One thing that we tried hard at Genpact was to try to be better than our customers at what we would do, become the experts in that area and I wondered to what extent we have achieved that because we should be experts, we should be the best in class at whatever we are doing because that’s our business. And yet I wonder if we have moved far away from being owners to being designers.
GN: I keep hearing from a lot of CEOs today that we have moved beyond outsourcing to optimisation and we are able to add value back to the customer by just telling them how to do better. Is that really happening or it is an anecdote?
PB: It is happening and it is huge.

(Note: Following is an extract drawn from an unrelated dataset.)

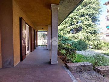 Villa singola posta a due passi dal centro paese, ideale per famiglie che ricercano la comodità delle scuole e dei negozi di prima necessità. La soluzione si presente immersa nel suo ampio giardino privato, il quale circonda tutti i suoi quattro lati. I locali sono disposti su un unico livello oltre ad una piano cantinato. Attraverso ad un porticato coperto si accede all'accogliente zona living che, oltre alla sua ampiezza, è impreziosita da un particolare camino in muratura e da ampie vetrate. La sua doppia esposizione ovest-est permette di avere un soggiorno molto luminoso. La cucina è spaziosa e funzionale con accesso ad un terrazzo coperto, ideale per pranzare e cenare all'aperto. Un piccolo disimpegno, accede alla zona notte composta da tre camere da letto. I servizi sono doppi ed entrambi finestrati. Una scala interna in muratura accede al piano cantinato, completamente rifinito e utilizzato come locali hobby, locale lavanderia . Questo piano è ottimo per famiglie a cui piace organizzare feste con amici e parenti. L'ampiezza del giardino privato, circa 830 mq, permette di istallare anche una piscina. Presente impianti d'irrigazione. Esternamente sono presenti anche due boxes. La consegna dell'immobile può essere accordata anche in tempi brevi.
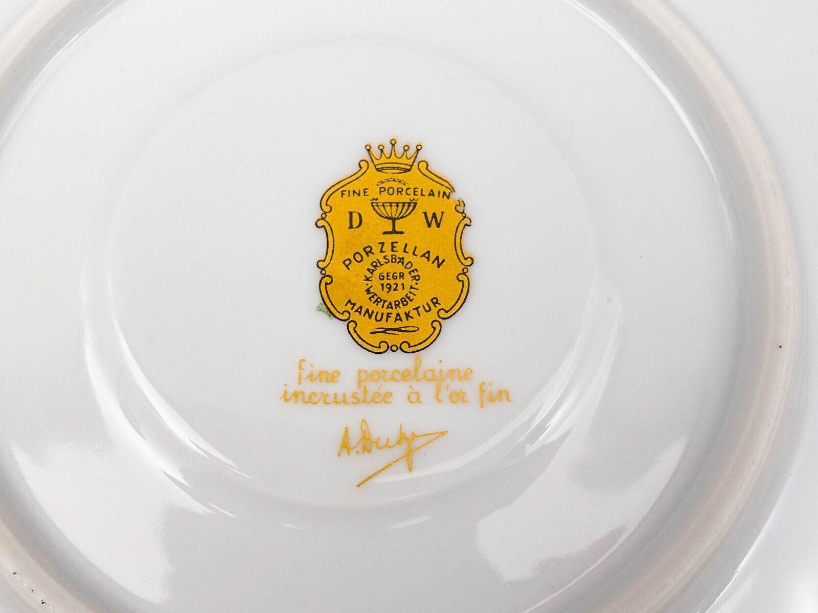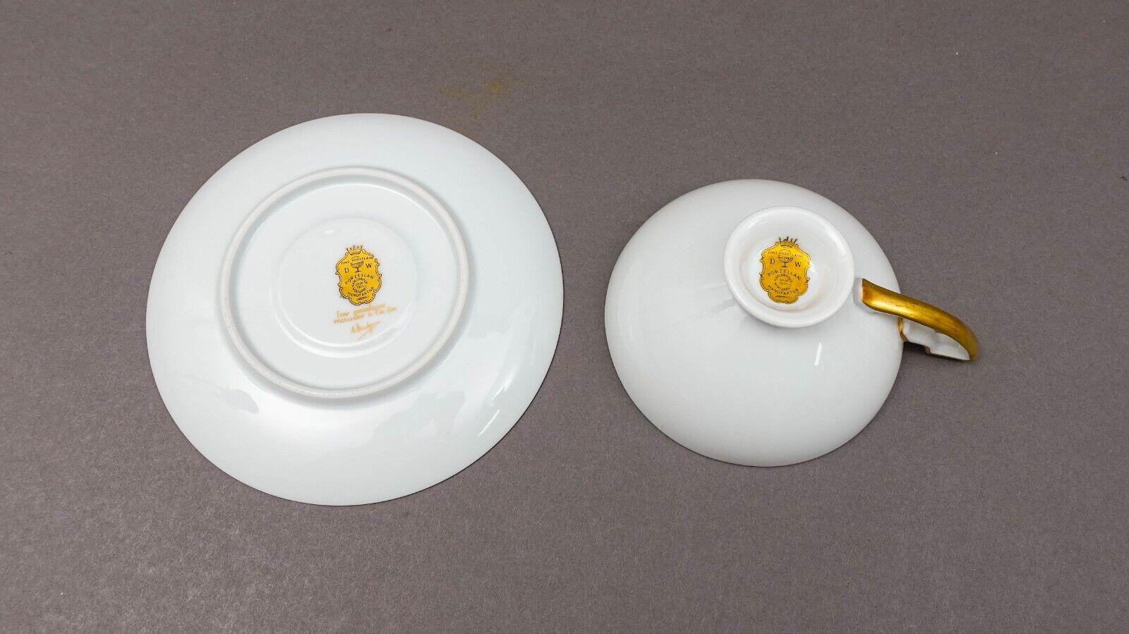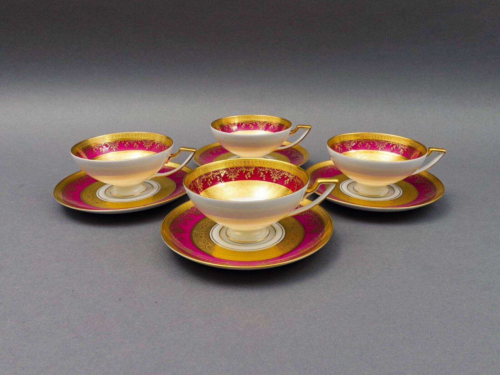 DW Porzellan Karlsbader Wertarbeit Fuchsia Gold Encrusted Cup & Saucer Set Of 4

We started with six sigma, one of the reasons to embed six sigma in our operations was because we want to offer our clients product. We want most of our contracts based on that. We would tell these are the people who will deliver six sigma and lean efficiencies to you every single day. But that is still using a defined process, it isn’t transforming it, it isn’t changing it completely and saying throw that out, plug into our platform and I will do it for you for a lot of money but at a tenth of the cost for myself and much lower cost for you. We also lost the advantage and I blame myself and the IT industry, the moment you start pricing per person, your productivity goes out of the window or you don’t get paid enough etc. Look at the margin Cisco and Microsoft make that is what you make on products. I think Cisco makes a 40 per cent operating margin. The moment you are pricing per person, you will manage per person.